Ein Drittel der Leitung ist schon verlegt, derzeit wird in Höhe Deckershof in Haffen gearbeitet. Dort senkte gestern Bohrgeräteführer Marco Mörs das Bohrgerät seines 20-Tonners in die Erde, spülte sich den Weg frei, um auf dem Rückweg die 25 Zentimeter lange dicke Leitung in den Untergrund einzuziehen. „Eigentlich geht hier die Arbeit gut voran, weil wir hier festen Lehmboden haben“, sagte Marco Mörs. Schwieriger werde es, wenn man irgendwo auf Kies stoße.

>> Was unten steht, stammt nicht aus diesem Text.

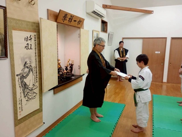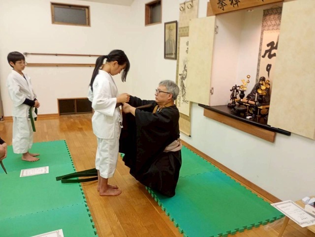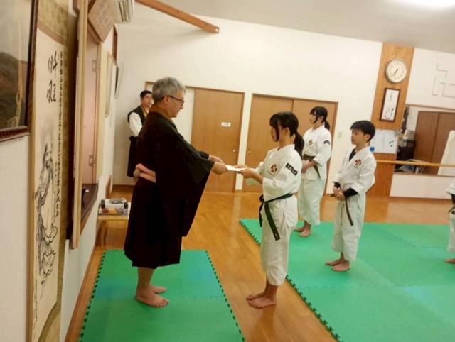 12月に実施された昇級試験の合格証書授与式と帯結び式も実施しました。

Vier Kilometer Strecke wird im Spülrohrverfahren verlegt. „Der Vorteil liegt darin, dass nur sehr geringe Eingriffe in die Landschaft vorgenommen werden müssen“, erklärte Arntz. Die restlichen Hartkunststoffleitungen werden in offener Bauweise in einem Kanalgraben eingebaut.

Rund 300 Meter geht es täglich voran auf dem Weg Richtung Haffen. Mitte des Jahres soll die komplette Leitung fertiggestellt sein, die etwa zwei Meter unter der Oberfläche verläuft. Die Baukosten betragen rund eine Million Euro.

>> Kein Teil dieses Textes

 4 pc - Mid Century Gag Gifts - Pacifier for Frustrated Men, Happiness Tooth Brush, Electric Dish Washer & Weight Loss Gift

Eine Investition in die Zukunft. „Weil wir gegenüber einer Sanierung des Klärwerks Haffen jährlich 40 000 Euro sparen“, so Arntz. Zu Buche schlagen dabei auch geringere Personalkosten.

Zudem ist die Kläranlage in Hönnepel besser ausgelastet. „Aber noch immer nicht an ihre Kapazitätsgrenze“, wie Kalkars Bürgermeister Gerhard Fonk wusste. Er war – wie auch der Reeser Bürgermeister Christoph Gerwers – zur Baustelle gekommen, um sich einen Überblick über den Baufortschritt zu machen. „Das Wichtigste ist ja, dass die Betriebskosten so gering wie möglich gehalten werden, so dass am Ende die Gebühren gesenkt werden können“, erinnerte Fonk.

Derzeit werden 2,8 Millionen Kubikmeter Abwässer aus dem Verbandsgebiet in Kalkar-Hönnepel gereinigt, ab Jahresmitte weitere 220 000 Kubikmeter aus den rund 2000 Haushalte in Haffen und Mehr.

Die Kläranlage in Haffen hat nicht ausgedient. Sie wird weiter genutzt als Regenwasserbehandlungsanlage.